Wie viel Innovation in einem auf den ersten Blick gewöhnlichen Produkt wie der Schraube stecken kann, beweist die Firma Schmid Schrauben Hainfeld mit der „RAPID® Hardwood“, einer Hartholzschraube, und sichert sich damit den niederösterreichischen Innovationspreis in der Kategorie „Große und mittelständische Unternehmen“.

In einem Forschungsprojekt mit Forschungseinrichtungen und Unternehmen aus verwandten Bereichen entwickelte Schmid Schrauben über einen Zeitraum von zweieinhalb Jahren und mit mehreren tausend Versuchen die erste baurechtlich zugelassene Hartholzschraube, die im Laubholz (wie Buche und Eiche) ohne Vorbohren verarbeitet werden darf. „Die Jury begründete ihre Entscheidung mit drei wichtigen Kriterien : der Effizienzsteigerung für Anwender, dem Beitrag zur Verwendung von nachhaltigen Baustoffen sowie der außergewöhnlichen Lösungskompetenz“, informiert Markus Tadler von Schmid Schrauben.

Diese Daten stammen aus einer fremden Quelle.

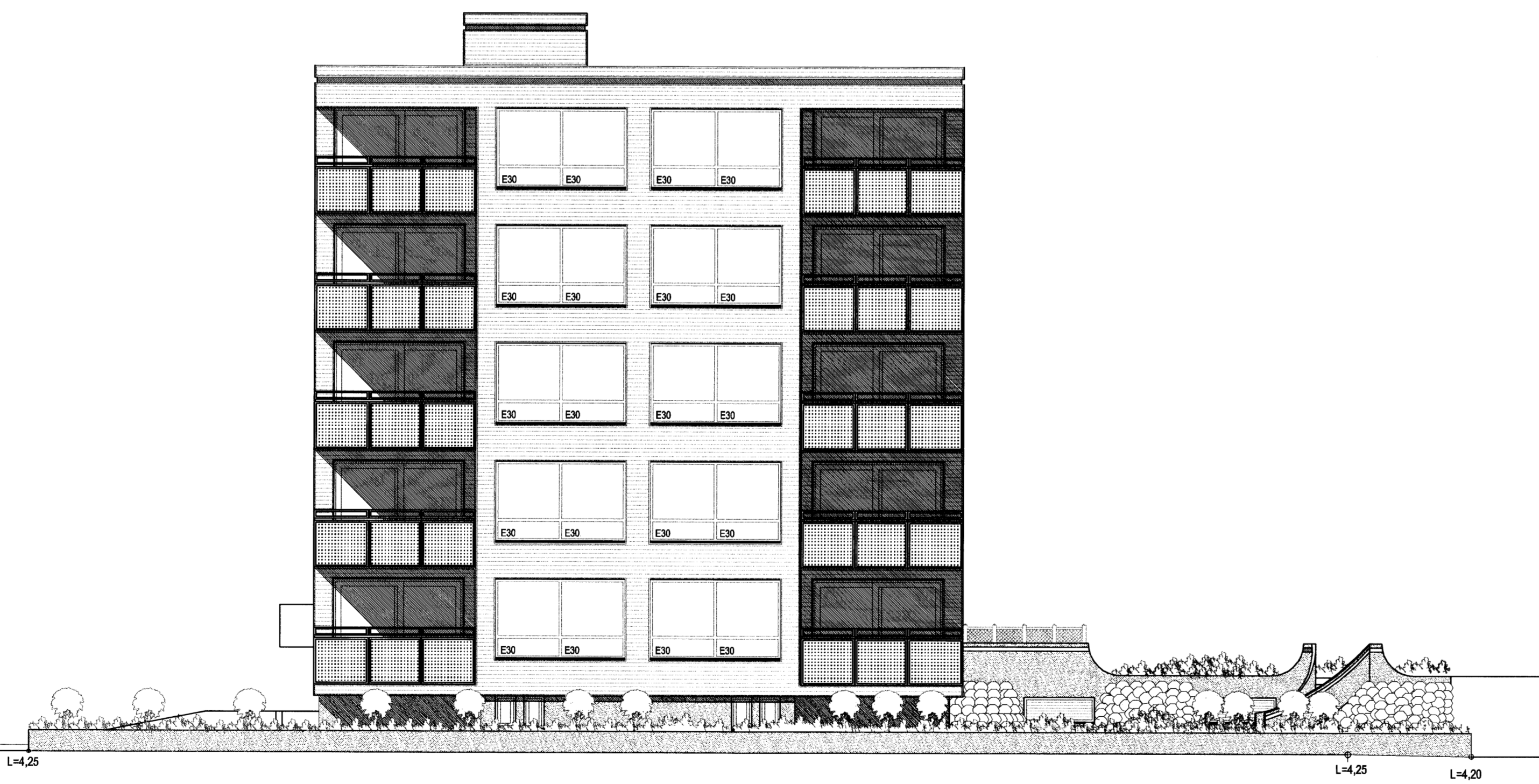
SUÐUR. MKV. 1:100.
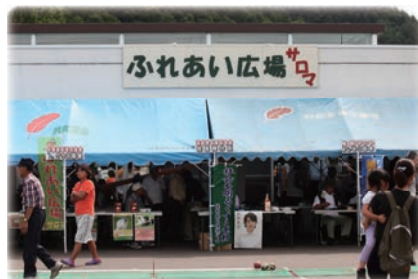
ふれあい広場のカンバンが見やすい新しいものになりました
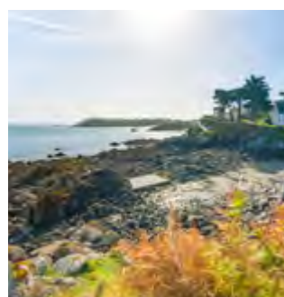
GRÈVE DE FONTENY Lieu de tranquillité
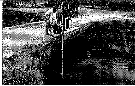
Profesionales de la ARCA en reunión con representantes Junta General Usuarios del Sistema de Riego Mariscal Sucre y medición de caudales.

16:30 - 17:00 Retorno desde Mariscal Sucre a la ciudad de Milagro
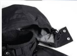
| 1 Capuchon afneembaar met ritsluiting.
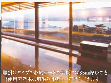
腰掛けタイプの収納ケースの天板には35mm厚ひのき材使用天然木の肌触りは癒しと寛ぎを与えます

効果効能の表記ができるため老若男女問わず、あらゆるニーズにあわせ、大手ホテルチェーン、旅館、健康福祉センター、老人福祉設、スポーツセンターなど、全国約1000カ所を上回る幅広い施設で活躍しています。浴槽にあわせた収納ケースを設置するだけの大規模な工事の必要が無いため低コストで今すぐ導入が可能です。光明神温泉は光明石製造所の登録商標です。
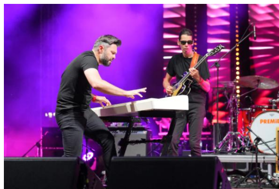
Fot. 2 Polish Boogie Festival
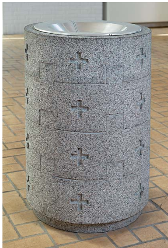
Fig. 5. Døbefont, 1994 (s. 3611). – Font, 1994.

Orglet har 18 stemmer og én transmission, to manualer og pedal, 7 og er bygget 1994 af P. Bruhn & Søn, Årslev. Disposition: Hovedværk: Quintatøn 16', Principal 8', Spidsfløjte 8', Oktav 4', Cornet I-III, Mixtur IV, Trompet 8'. Overværk: Rørgedakt 8', Salicional 8', Copula 4', Oktav 2', Quint 1 \frac{1}{3} ', Vox humana 8'; svelle. Pedal: Untersatz 16', Oktav 8', Quintatøn 4', Oktav 2', Fagot 16', Basun 8' (transmission). Tremulant for hele orglet. Kopler: OV-HV, HV-P, OV-P. Temperering: Vallotti. Mekanisk aktion, sløjfevindlader. Orglet, der er opbygget af tre enheder (hovedværk, overværk og pedalværk), er tegnet af kirkens arkitekter og har prospektpiber af tinlegering og træ. Overværkets facade udgøres af svelledøre. Orgelhussene fremstår i hvidpigmenteret birk. Opstillet i det nordøstre hjørne.
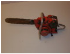
Tronçonneuse Homelite 500 (2000.1871.1)
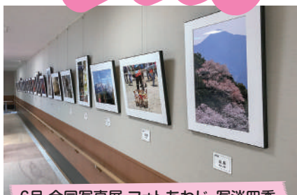
6月 合同写真展 フォトあわじ・写淡四季
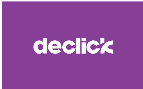
logotype declick version négative v1 couleur
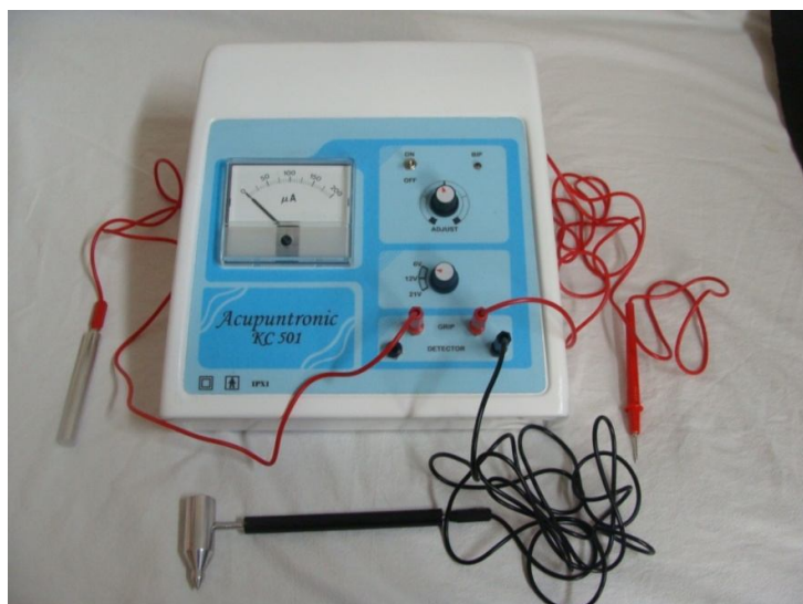
EQUIPO DE ELECTROACUPUNTURA

Esta nueva infraestructura estará equipada con un Video Procesador con cámara, Equipo para electroacupuntura, Camilla ergonómica de 3 secciones eléctrica, Camilla Quiropráctica con acelerador y accesorios, Monitor de Signos Vitales, Camas de Hospitalización, Incubadora para recién nacido de cuidados intensivos y Campímetro computarizado, por un monto total de 617 mil 785 nuevos soles, con presupuesto del Gobierno Regional de Callao.
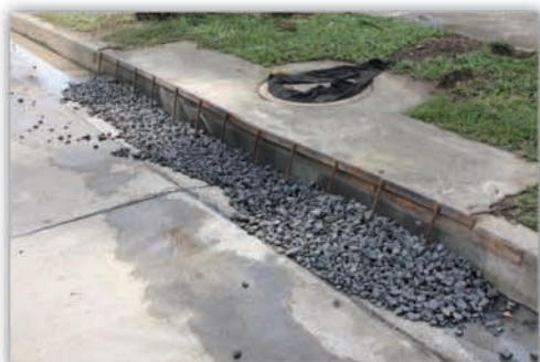
Control de sedimentos
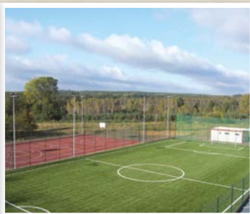
Boisko wielofunkcyjne „Moje Boisko – Orlik 2012” przy Szkole Podstawowej w Grodzisku
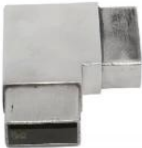
Handrail tube corner connector
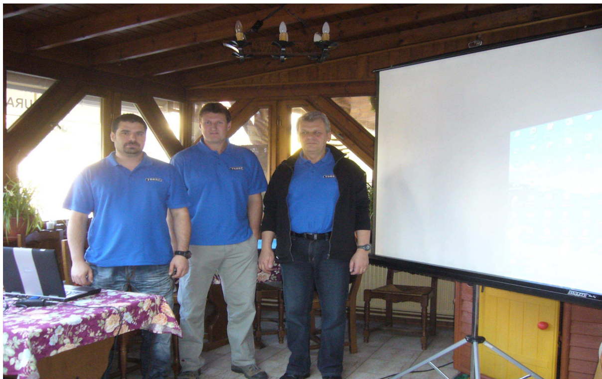
Školení firmy TOKOZ a.s. v Jinočanech u Prahy dne 23.10. 2010
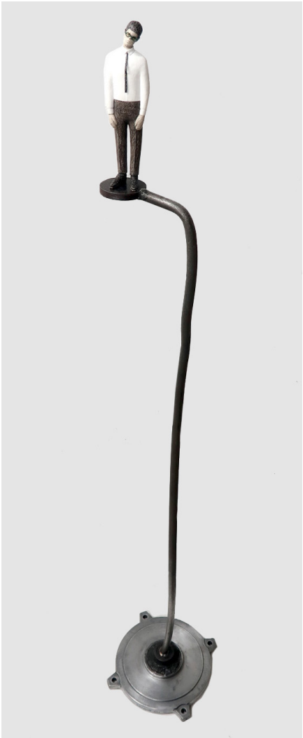
《忍耐的平衡》铁 铝 模型膏 162x32x32cm 2023 Balance of Patience Iron, Aluminium, Modeling paste 162x32x32cm 2023
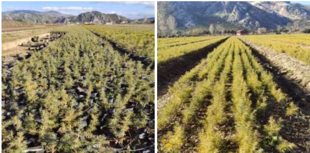
Şekil 1. Çalışmada örneklenen şaşırtılmış ve şaşırtılmamış fidanlar

Türün Eğirdir Orman Fidanlığında yetiştirilen ve uygulamadaki dikime uygun yaştan (Anonim 1986) rastgele örneklenen ve birinci vejetasyon dönemi sonunda şaşırtılmış 1+1 yaşlı tüplü ( ŞT ) ve 2+0 yaşlı çıplak köklü ( ÇK ) fidanlarında, 2020 yılı büyüme dönemi sonunda; 0.1 cm hassasiyetle fidan boyu ( FB ) ve 0.01 mm hassasiyetle kök boğazı çapı ( KBÇ ) ölçümü gerçekleştirilmiş (Şekil 2) ve bu çalışmada şaşırtılmış ve şaşırtılmamış fidanlar işlem olarak ifade edilmiştir.
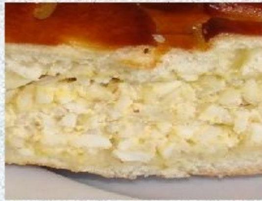
Начинка из круп, яиц
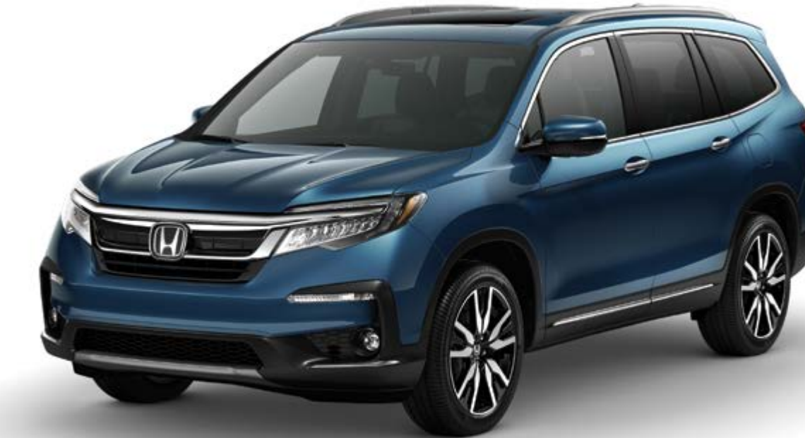
Pilot Elite mostrada en Steel Sapphire Metallic / Pilot Elite shown in Steel Sapphire Metallic

Aktuell müssen Schrauben in Hartholz ab einer Länge von 80 Millimetern vorgebohrt werden. „Dies liegt vor allem an der höheren Dichte des Materials und den damit höheren Beanspruchungen, die auf die Schraube einwirken. Durch die Veränderung einer Vielzahl an Parametern schaffte es Schmid Schrauben, die einwirkenden Kräfte zu reduzieren und damit eine direkte Verschraubung im Hartholz – ohne Vorbohren – zu ermöglichen“, sagt Tadler. Diese patentierte Innovation stellt für die holzverarbeitende Industrie eine absolute Weltneuheit dar.

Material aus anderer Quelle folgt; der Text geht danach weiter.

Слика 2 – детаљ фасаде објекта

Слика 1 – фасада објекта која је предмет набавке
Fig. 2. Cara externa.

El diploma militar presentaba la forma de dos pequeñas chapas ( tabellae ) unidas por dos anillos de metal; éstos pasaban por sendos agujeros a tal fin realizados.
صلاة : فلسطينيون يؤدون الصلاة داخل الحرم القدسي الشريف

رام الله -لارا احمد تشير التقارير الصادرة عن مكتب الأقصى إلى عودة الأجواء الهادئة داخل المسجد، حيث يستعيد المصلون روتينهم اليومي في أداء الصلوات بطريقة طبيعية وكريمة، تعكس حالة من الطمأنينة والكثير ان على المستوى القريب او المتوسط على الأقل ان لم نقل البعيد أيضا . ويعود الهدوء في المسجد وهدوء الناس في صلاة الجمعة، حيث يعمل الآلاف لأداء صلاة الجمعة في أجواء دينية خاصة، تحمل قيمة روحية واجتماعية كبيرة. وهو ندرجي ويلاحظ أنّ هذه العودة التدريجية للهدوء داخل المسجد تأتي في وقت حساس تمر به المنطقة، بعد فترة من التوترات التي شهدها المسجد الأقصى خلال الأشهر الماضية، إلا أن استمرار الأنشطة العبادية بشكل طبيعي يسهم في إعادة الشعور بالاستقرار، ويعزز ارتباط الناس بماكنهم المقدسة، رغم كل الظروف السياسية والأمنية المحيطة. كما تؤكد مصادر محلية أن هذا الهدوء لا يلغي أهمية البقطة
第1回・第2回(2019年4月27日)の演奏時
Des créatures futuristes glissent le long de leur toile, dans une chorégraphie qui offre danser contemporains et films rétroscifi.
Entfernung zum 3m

Hartholzschrauben sind ein zukunftsträchtiges Produkt. „Aufgrund der klimatischen Veränderung ist eine Veränderung der Zusammensetzung der Wälder erkennbar. Klassische Bauhölzer wie Fichte und Kiefer wandern immer weiter in höher gelegene sowie nördlichere Regionen und sind in unseren Breiten verstärkt von Schädlingen, wie etwa dem Borkenkäfer, betroffen“, führt Tadler aus. Der Umstieg in der Forstwirtschaft erfolgt von der reinen Fichten-Monokultur immer mehr hin zu Mischwäldern. „Damit gibt es in Zukunft wesentlich mehr Hartholz am Markt, das in der Bauwirtschaft eingesetzt wird“, ist er überzeugt. Hartholz an sich ist zwar teurer, aber durch die höhere Festigkeit benötigt der Holzbau weniger Material, um im Vergleich zum Nadelholz den gleichen Belastungen standzuhalten.